= Thomas Murray (provost of Eton) =

Scottish courtier

Thomas Murray (1564 – 9 April 1623) was a Scottish courtier, at the end of his life Provost of Eton.

==Life==
He was a son of Murray of Woodend, and uncle of William Murray, 1st Earl of Dysart. He was early attached to the court of James VI of Scotland. In 1587 he presented a Latin poem to the King, which describes him as ruler of a northern British kingdom, both North Star and Morning Star;

Scote Britannaeae sidus Boreale coronae
Pene sub Arctoo qui regis arva polo
O Scot, O North Star of the Britannic Crown, you who rule the lands that lie almost under the Arctic sky.

Soon after James's accession to the English throne at the Union of the Crowns in 1603 he was appointed tutor to Prince Charles, then duke of York. On 26 June 1605 he was granted a pension of two hundred marks for life, and in July was presented, through the intervention of the Bishop of Durham, to the mastership of Christ's Hospital, Sherburn, near Durham. From that time he received numerous grants, and was in constant communication with Robert Cecil, 1st Earl of Salisbury, Sir Albertus Morton, Sir Dudley Carleton, and others, many of his letters being preserved.

Andrew Melville, when he sought his liberty in November 1610, placed the management of his case in the hands of Murray, to whom he refers as his special friend. In 1615 George Gladstanes, Archbishop of St. Andrews, made an unsuccessful attempt to get Murray removed from the tutorship of Prince Charles as for his religious views. On 13 March 1617 Murray was appointed a collector of the reimposed duty on 'northern cloth,' and allowed one-third of the profits. In August of the same year the king promised him the provostship of Eton, but his appointment was opposed on suspicion of his puritanism, and he received the post of secretary to Prince Charles instead.

In October 1621 he was confined to his house for opposing the Spanish match. In February 1622 he was elected provost of Eton, but fell seriously ill in February 1622-3, and died on 9 April, aged 59. He left behind him five sons and two daughters, one the writer Anne Halkett. His widow, Jean, and a son received a pension for their lives. Murray was author of some Latin poems, printed in Delitiae Poetarum Scotorum, ed. 1637. He was eulogised by John Leech in his Epigrammata, ed. 1623, and by Arthur Johnston in his Poemata, ed. 1642.

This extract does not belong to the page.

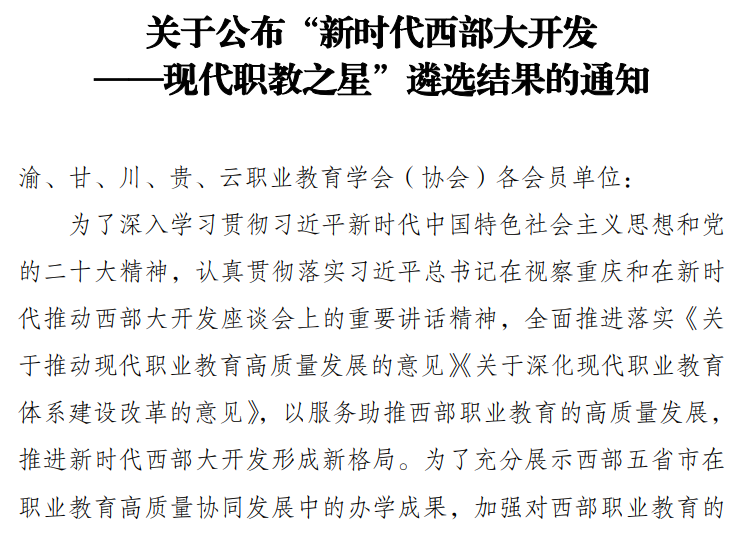 本次遴选是由渝、甘、川、贵、云5省职业教育学会共同组织,对各职业院校在党的建设、校企合作、服务国家重大发展战略、产教融合、人才培养质量、队伍建设、特色文化建设、“三教改革”、数字化转型等九个方面的办学实力进行综合评估,产生如上结果。遴选范围包括全省所有职业院校,遴选结果在西部地区具有较高的社会认可度和影响力。

One of his brothers was at court as a servant of Prince Charles in March 1625. He was involved in a duel with Humfrey Tufton, after having an argument at a stage play. They went to St George's Fields to fight. Tufton noted the presence of Gibson, a Scottish armourer, although they had agreed not to have "seconds" present. Tufton objected and left the field. The events offended Gibson's sense of honour, and he fought with Murray. Both were injured. Gibson died and Murray successfully pleaded self-defence. Some accounts say that both men died of their injuries.

==Family==
Secretary Murray married Jean "Jane" Drummond, a daughter of George Drummond of Blair and Grissel Cargill, who had joined her cousin Jean Drummond, Countess of Roxburghe at the court of Anne of Denmark. Several women of the Drummond family served the court and their identities can be confused.

The Countess of Roxburghe was later the governess of the children of Charles I of England. Two of her cousins, another Jean Drummond, the eldest daughter of the Earl of Perth and later Countess of Wigtown, and her sister Lilias Drummond, later Countess of Tullibardine, assisted Roxburghe as royal nurse. Another woman "Joan Drummond" was seamstress to Prince Charles in Scotland and England.

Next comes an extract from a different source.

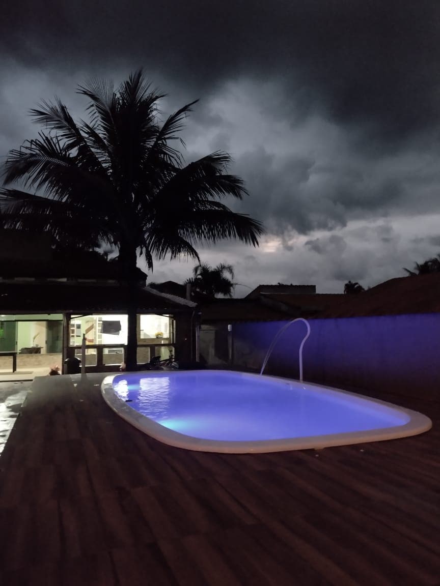 Peruibe com piscina, churrasqueira, frente a praia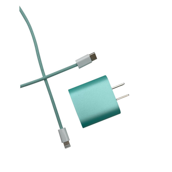Olivia Pratt Mint Solid Color Wall Charger 20W USB-C Power Adapter with USB-C to Lightning 3.3ft Nylon Cable

Anne Murray, Lady Halkett wrote that her mother was "entrusted twice with the charge and honor of being Governese to the Duke of Glocester and the Princese Elizabeth; the first during the time that the Countese of Roxbery (who owned my mother for her cousin) went and continued in Holland with the Princese Royall; and then again when my Lady Roxbery died".

The children of Secretary Murray and Jean Drummond were brought up at Berkhamsted Place and Charlton House, included:
- Henry Murray, groom of the bedchamber to Charles I, who bought Lindsay House from Sir David Cunningham, and married in November 1635 Anne Bayning, daughter of Paul Bayning, 1st Viscount Bayning.
- Elizabeth Murray, who married Sir Henry Newton, son of Prince Henry's tutor Adam Newton, who adopted the name Sir Henry Puckering
- Anne Murray, Lady Halkett (1622-1699), who married James Halkett at Charlton House in 1656.